I actually do, now that I look and think about it. Was trying to come up with something better, because I really like its non shiny color, but dark red and green are complimentary colors of each other, like orange and baby blue. It makes the colors pop out, and it's not a bad combo. Maybe if the red and green were swapped, it might look better, but it might look worse too. Can't say I dislike shiny Charizard X. Gen 6 really stepped up its shiny game. Made them look badass.


----------



## Rivers (Feb 16, 2015)

Did you notice that they were regular Salamance colours as well though?

I was sort of hoping it would end up being a bit more unique to be honest.


----------



## Jυstin (Feb 16, 2015)

It's kind of like Salamence, but Salamence is blue where the original Mega Charizard X is bluish while the shiny is green. I'd say it looks better than Salamence's color scheme, but I see what you mean. The 3D models are a bit harder, but if you can think of a color scheme you'd prefer, I could try doing it.

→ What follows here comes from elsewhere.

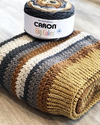 I started this blanket because I couldn’t get the idea out of my head to have a simple afghan with beautiful knit-look ribbed edges. This is an advanced beginner level pattern that requires some patience with the ribbing and knowledge of basic crochet stitches. The main body of the blanket is brainless and very easy to do while watching TV. I recommend an Aran weight/Heavy worsted to achieve correct gauge. For my sample (the Man-Ghan) I used 5 Caron big cakes - 3 Tiramisu and 2 Cookie Crumble - and alternated them throughout the length of the blanket. The pattern is written in US crochet terminology and has grading included for 7 size options from receiving blanket to king size.
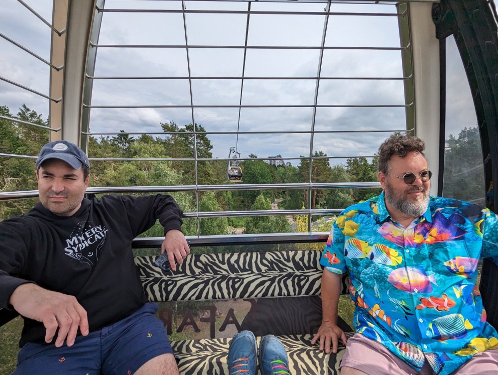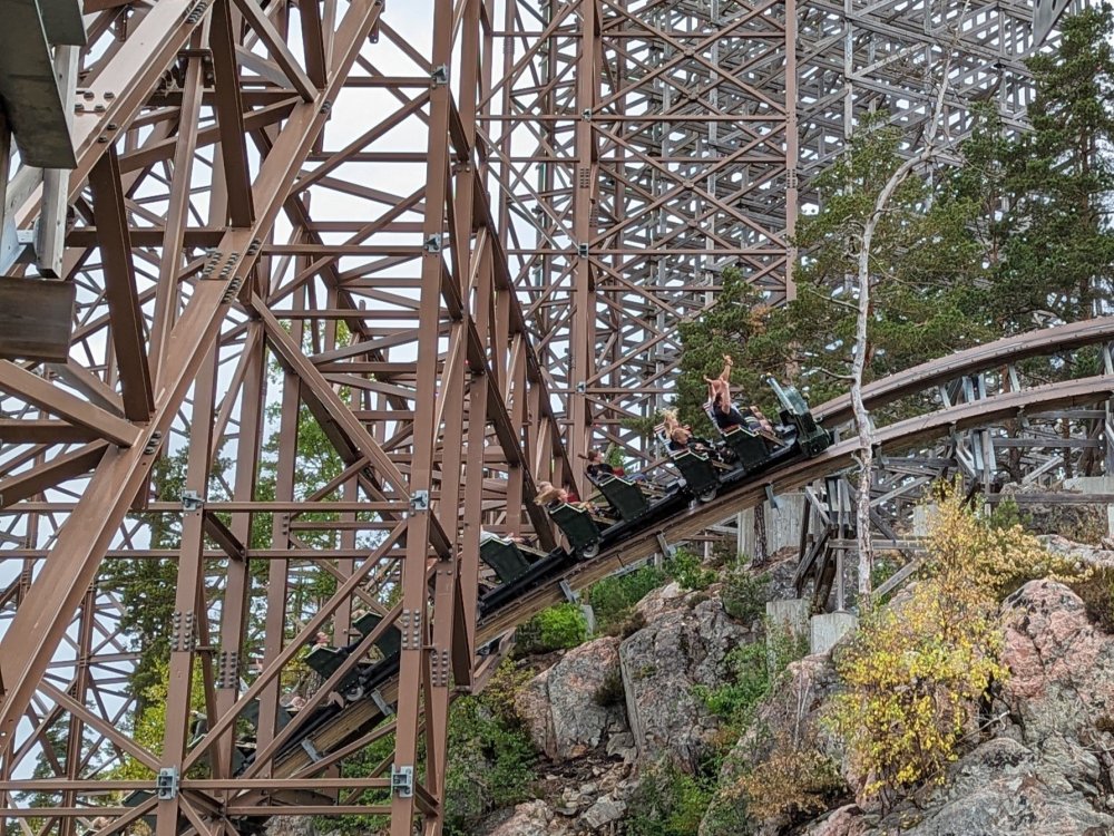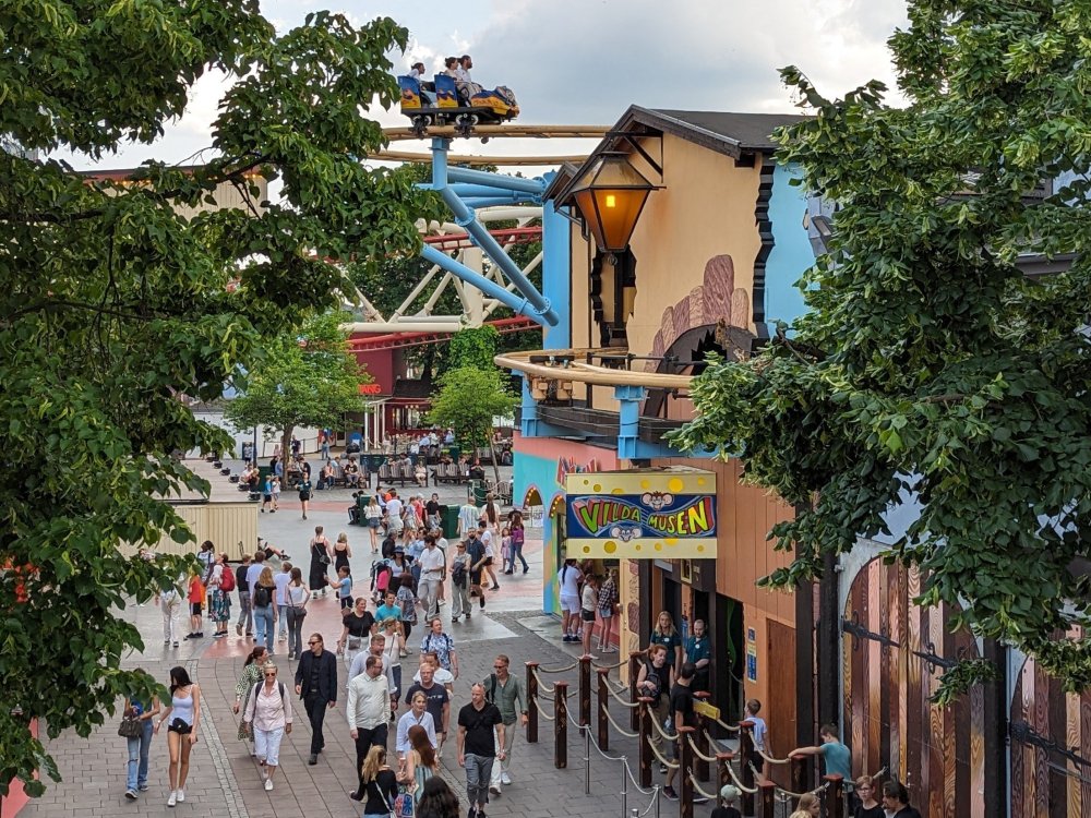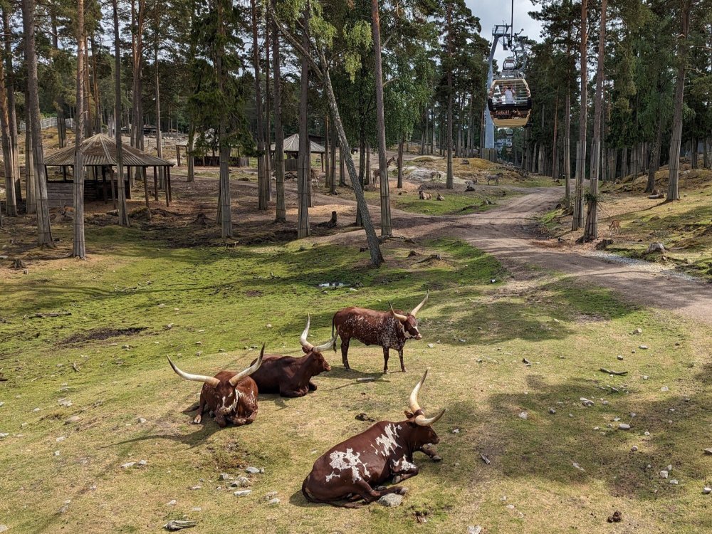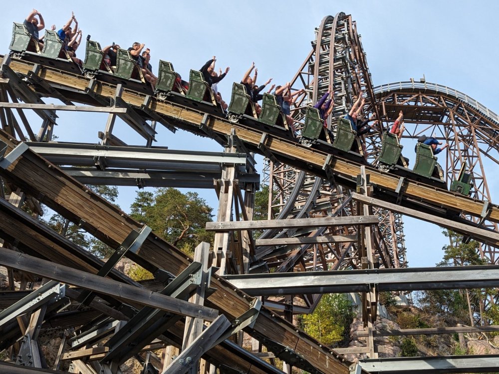 Kolmården Wildlife Park is the second park on the trip that Misty and I had previously visited in 2019. It's quite large, very hilly, and mostly a zoo. But it does have a two big "worth the price of admission" attractions, at least one of which I really like. 19: Another Way to Stimulate Lions The park was considerably less busy than on our previous visit, but nonetheless opened up the back parking lot and gate for our group, so we could start and end near the good stuff. Safari is a 26-and-a-half minute sky ride over large naturalistic animal enclosures that crisscrosses itself several times. For me, this is the highlight of the park, and I rode it 4 or 5 times on this visit. This animal is called a "giraff" in Swedish, which is not as interesting as I thought it would be. How straight men sit together on a bench seat. Björn. Watusi Boskap Älg and bebis älg. Löpeld As the park was not at all busy, Wildfire only ran one train all day, making it quite tricky to get a decent photo of the ride with a train in it from Safari. I do wish the gondola in the lower left was less behind a tree, but at least you can also see what a pretty area Kolmården is. A backstage tour of where the gondolas sleep at night and recharge the batteries on their audio systems. (Onboard narration being available in Swedish, Finnish, and English.) Now on foot, we explore the other animal areas of the park. Where all the cool kids hang out. "Man, screw you guys." Saddest show ever. (But good on them for still doing it, I reckon.) Smisty learning that we cannot, in fact, leave the park to visit the aquarium on the other side of the main parking lot, because Kolmården Wildlife Park does not allow reentry, and you can't even buy tickets or enter within 2 hours of closing time. This was 3 hours before park close, but that would've only given us an hour to cross the parking lot on foot, visit the aquarium, and hoof it back--with failure to reenter Kolmården in time meaning we would have to walk around the park on winding mountain roads (without sidewalks) to get back to the rear parking lot and the bus. Hey guys, whatever your beef with the aquarium is, leave us out of it. The escalator of shame. The park covers 1.5 square kilometers, which is approximately 370 McDonald's parking lots in American. Discovered an area I hadn't seen on the previous trip. Not really sure what it was. Maybe like a summer camp? But this building was open--and having never seen a horror movie, I ventured in. At which point my skin started burning and I had to flee. I'll be safe here in Tiger World! Best photo ever? Two slices of cheese on a basic theme park burger?! Are we in Wisconsin? Well, a lot of Swedes are. Hmmm. Wildfire's cool but weirdly-orientated sign. Where the Wildfire trains sleep at night. Snapped this pic while no one was looking. Now I have the plans and can build my own! I gave it a courtesy ride during ERT. That's 2 rides total now. I guess I like it slightly more this time? Oh, is this a good time to mention that I'm an RMC hater? Hater is probably too strong. To me, they're basically just fast, forceless, family coasters that are hard to breath during due to the restraints. Lots of folks seemed super into it, though. And I'll admit that it's pretty. One more shot of Wildfire for you. For you. Not for me. Erik's Score: 5 Next up: The park Wildfire would be in if there was room for it there.1 point

I finished a Suicune earlier, but I'm getting a second opinion of it first before I post it. I like the shiny, but it's not too different from the original :/


----------



## Jυstin (Feb 16, 2015)

Here we go. Shiny Suicune. We need more red versions of blue Water Pokemon.


----------



## Suigetsu (Apr 10, 2015)

I always tought that Dragonite shiny should be blue with dark blue or purple wings. So that it kind of resembles Dragonair and dratini.
Also a Dragonair with white back and blue bottom.


----------